Description
Poetry. LGBTQIA Studies. Women's Studies. The poetic worlds of Michael Field are as surprising and inventive, as formally rigorous, and as deeply felt and lived as when they were composed over a century ago. The expansive selection of poems presented here spans Field's thirty-year career and a wide range of formal gambits and registers, from erotic reconstructions of Sapphic verse fragments and ekphrastic reveries over Grand Tour oil paintings to theologically freighted odes, sonnets of rural retirement, and elegies to their beloved pet Chow Chow.
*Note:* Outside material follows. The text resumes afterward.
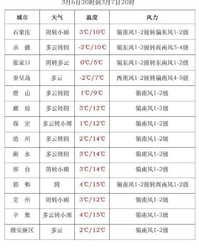 今天夜间到8日,唐山南部、秦皇岛、廊坊南部、沧州、衡水、邢台东部、邯郸东部阴有小雨或零星雨夹雪转晴,其他地区多云转晴。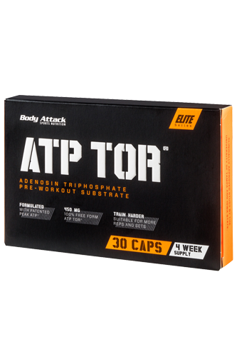 Produkt ATP TOR® predstavuje patentovaný, klinicky overený vzorec, ktorý bol vyvinutý špeciálne pre športovcov pre nárast sily. Body Attack ATP TOR® je skratka pre adenozín 5-trifosfát, telu prirodzená formula adenosintrifosfátu (ATP). ATP je tiež označovaný ako bunkové palivo alebo “benzín pre svaly”. V energetickom metabolizme môže byť ATP vyrobený zo sacharidov, bielkovín, tukov a kreatínu. A však zásoby ATP vo svaloch sú obmedzené, takže ATP musí byť opakovane syntetizovaný alebo dodávaný z vonka stravou. ATP TOR® – patentovaná formula, ktorá sa dobre vstrebáva do organizmu, môže zvýšiť hladinu ATP a nepriamo podporovať produkciu ATP vo svalových bunkách.

With a new biographical essay by the editors and an inviting foreword by Stacy Szymaszek to ground the work in our contemporary moment, this volume brings the unorthodox lives and vital, protean writing of Michael Field—as lovers, collaborators, experimenters in poetic form, aesthetic community, and queer kinship—to a new audience.
"Field’s work is organized around body logic, experience, making a spectacle of one’s own life, beauty and giving pleasure. In the grips of our current political disaster, it may not carry a lot of weight to think one’s work is important for such things. Yet work that excites my mind-body helps remind me that I am an erotic being. When I proceed through life as my best erotic self, I am harder for the law to control. When I am harder for the law to control, i.e., making a spectacle of myself, others can see me. There is always the hope that Emily Dickinson expressed: 'Are you nobody too?' I step out of convention for community, and that action is the enemy of fascism."—from the forward by Stacy Szymaszek
Author Bio
"Michael Field" was the shared pseudonym of Katherine Bradley (1846-1914) and her niece Edith Cooper (1862- 1913), who lived together as lovers and collaboratively wrote some eight volumes of poetry and twenty-seven plays. Their poetry enjoyed both popular and critical success until their friend, the poet Robert Browning, let slip Field's true identity: in the milieu of Victorian letters, the work of women writers (and "especially collaborators, spinsters, and lesbians," as biographer Emma Donoghue puts it) was still relegated to a second class. While their early poetry displays strong aestheticist currents both formally and thematically, their later poems incorporate an eclectic mix of Symbolism and Catholic spirituality without ever straying from an idiosyncratic style that is at once extravagantly precise and profoundly sensuous.